Hace décadas, había más de tres cotizantes por cada pensionista. Ese equilibrio permitía que las cuentas, con ajustes, fueran razonables. Las proyecciones para 2050 son muy distintas y hablan de ratios cercanos a 1,5 trabajadores por jubilado.

Señora leyendo en el sofá.

Señora leyendo en el sofá. iStock

Las matemáticas son implacables. Si la pensión media se acerca al salario medio y hay solo dos cotizantes por cada pensionista, aproximadamente la mitad del sueldo de cada trabajador tendría que ir destinada a pagar pensiones.

Si el ratio baja aún más, hasta 1,5, la carga se dispararía hasta cerca del 66% del salario. Dos tercios del sueldo solo para sostener el sistema. Un nivel que muchos expertos consideran directamente inviable.

Confirmado por expertos: "Las cotizaciones solo alcanzan para pagar las pensiones hasta octubre de 2026"

A esta ecuación se suma que la esperanza de vida sigue aumentando. Se cobra la pensión durante más años, lo cual es una gran noticia social, pero un reto enorme para las finanzas públicas. Al mismo tiempo, la natalidad ronda mínimos históricos.

El resultado es un sistema cada vez más tensionado. No es una cuestión ideológica, sino aritmética. En algún punto, las cuentas dejan de cuadrar.

Preocupación creciente

Ante este panorama, las opciones reales son limitadas. O se recortan las pensiones, o se suben impuestos y cotizaciones, o se retrasa la edad de jubilación, o se aplica una combinación de todas ellas.

De hecho, algunas de estas medidas ya se están introduciendo de forma gradual. El problema es que el margen de maniobra se reduce a medida que pasa el tiempo y la presión demográfica aumenta.

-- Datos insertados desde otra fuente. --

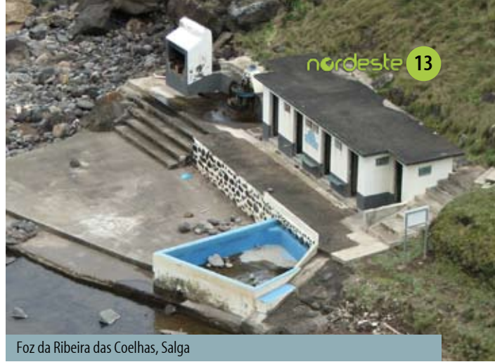
Foz da Ribeira das Coelhas, Salga

A câmara municipal transferiu para as juntas de freguesia 255 mil euros com vista à execução de obras nas freguesias. São as juntas que executam as obras, ficando a câmara com a responsabilidade do financiamento, sendo este feito por tranches. Algumas das obras ao abrigo deste protocolo de colaboração já estão em execução e outras concluídas, como sejam, a reabilitação da Foz da Ribeira das Coelhas (zona balnear e envolvente) na Salga, a electrificação da envolvente à capela funerária e o centro urbano da Achadinha, a recuperação e beneficiação do parque infantil de Santo António, a construção do parque de estacionamento da escola, em São Pedro, o parque de estacionamento da Rua da Igreja na Lomba da Fazenda, e a execução do Teatro da Grota do Bravo, na Vila do Nordeste. Seguem-se outras obras nas restantes freguesias, concretamente, a reabilitação de parques infantis na Algarvia, a reabilitação dos teatros da Feteira Grande e Feteira Pequena, e reconstrução do reservatório de água da Estrada Regional na freguesia da Achada.

Por eso, cada vez más ciudadanos empiezan a asumir que no podrán depender solo del sistema público. No tanto por alarmismo, sino porque los números invitan a la prudencia.

Fondos de inversión, planes de pensiones o ahorro privado aparecen como complementos casi obligatorios para quienes hoy están en activo. No como un lujo, sino como una red de seguridad.

Incluso los productos diseñados específicamente para la jubilación requieren planificación. La ventaja fiscal existe, pero un mal uso puede convertirla en un problema cuando llegue el momento de rescatar el dinero.